Однако у этой истории конец все-таки был неожиданный и счастливый.
Следующим утром меня отыскала секретарша Федюнина. Заметим: не вестовой, а секретарша лично.
Приказ: явиться незамедлительно!
Я нехотя вполз в кабинет, от одного воспоминания о котором у меня сжимались кулаки.
Федюнин встретил меня долгим, нехорошим взглядом исподлобья.
— Садись, Пушкин. Я сел.
Федюнин молчал. Я молчал. Минуты через три каперанг спросил:
— Пушкин, ты не хочешь письменно отказаться от своего заявления?
— Какого заявления, товарищ каперанг?
— Ёлкин дрын, да какого же, а?! Разумеется, насчет Иссы Гор!
— Не хочу, товарищ каперанг.
— В таком случае поздравляю, — замогильным голосом сказал Федюнин и протянул мне… мое заявление со своей размашистой визой и печатью факультета!
— Товарищ каперанг!.. — Меня, если честно, душили рыдания. — Товарищ!.. Я даже не знаю…
— Понял, понял. — Федюнин грустно улыбнулся. — Можешь ничего не говорить.
Куда там, ничего не говорить!
— Спасибо, Вадим Андреевич! Большое человеческое спасибо! Я знал, я был уверен, что вы войдете в наше положение! Вы себе представить не можете…
И я пустился объяснять ему, что благодарность моя не имеет границ. Ну то есть никаких. И если эти границы вдруг сыщутся, я буду последней скотиной.

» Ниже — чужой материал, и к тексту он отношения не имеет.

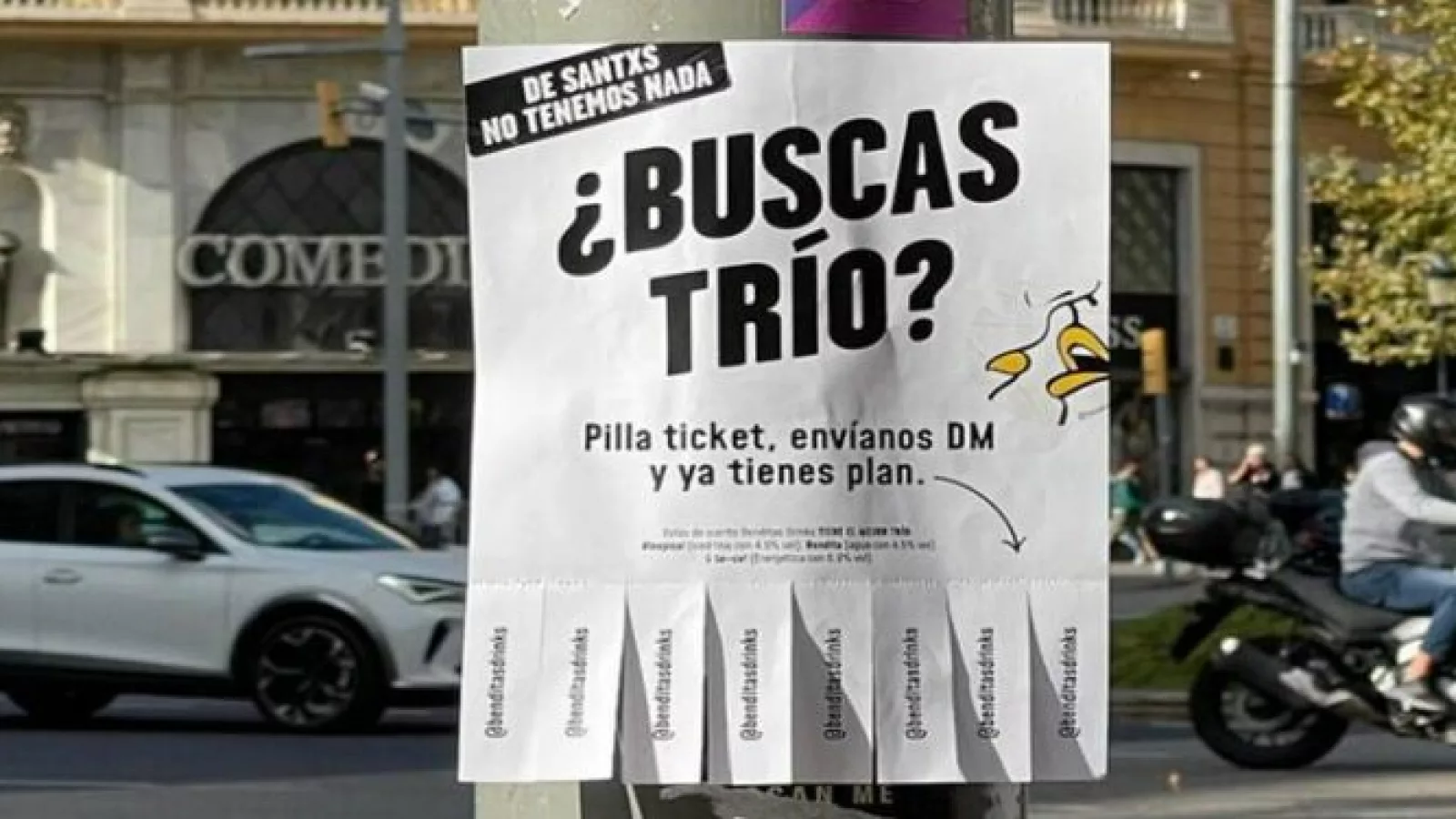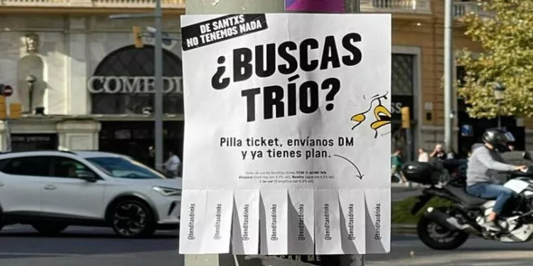 Benditas Drinks promociona sus bebidas a través de una disruptiva campaña de marketing online y offline. La empresa de ‘alcoholic drinks & low calorie’ ha empapelado las principales arterias comerciales del centro de Barcelona bajo el lema: ¿Buscas Trío?
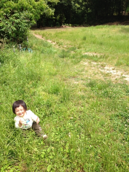 里山歩きしてきました。始めての山の小道。おぼつかない足取りでしたが、頑張って歩いてくれました。積った枯れ葉を枝でいじったり、虫を触ったり、松ぼっくりを見て「なんこれ?」と言ったりして楽しそうでした。
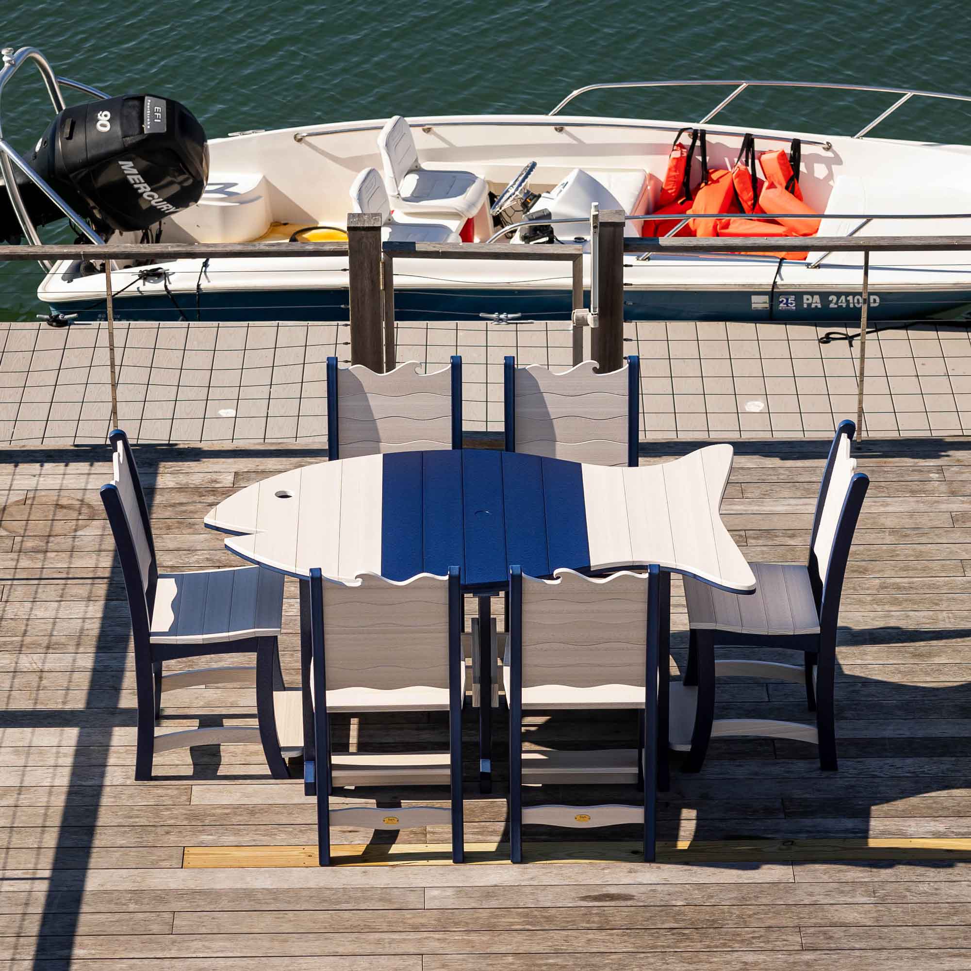 Amish Fish Shaped Poly Lumber Counter Table & Chair Set for 6

И много чего еще в том же духе.
Федюнин деланно кивал. Дескать, понятно-ясно. Когда я наконец закончил и замолчал, пожирая каперанга влюбленными глазами, он тихо сказал:
— Пушкин, в качестве благодарности сделай, пожалуйста, одну вещь.
— С радостью, товарищ каперанг!
— Я вчера, наверное, не в настроении был. И насчет Конкордии я тебя неправильно… ориентировал. Наша дружба с Конкордией, похоже… будет только крепнуть. Так что прошу тебя забыть о нашем вчерашнем разговоре. И никогда никому о нем не рассказывать. Обещаешь?
— Конечно! То есть так точно!
— Хорошо. А теперь можешь отправляться к Туровскому за второй подписью.
Будь я малость поумнее, я бы задался вопросом: «А почему все-таки Федюнин такой грустный?»
Но, конечно же, тогда я этим вопросом не задался.
Остаток лета я работал как вол.
Уже знакомый мне Восточный Ремонтный сектор Колчака преображался на глазах. За несколько дней миллионы контейнеров, которые под конец перестали помещаться в ремонтных боксах, так что их складировали прямо под открытым небом, растаяли как дым. «Андромеды» потрудились на славу — и в боксах вдруг стало пустынно, безлюдно и гулко.
Первую неделю своей контрактной работы я помогал интендантскому взводу разгружать семнадцатый бокс.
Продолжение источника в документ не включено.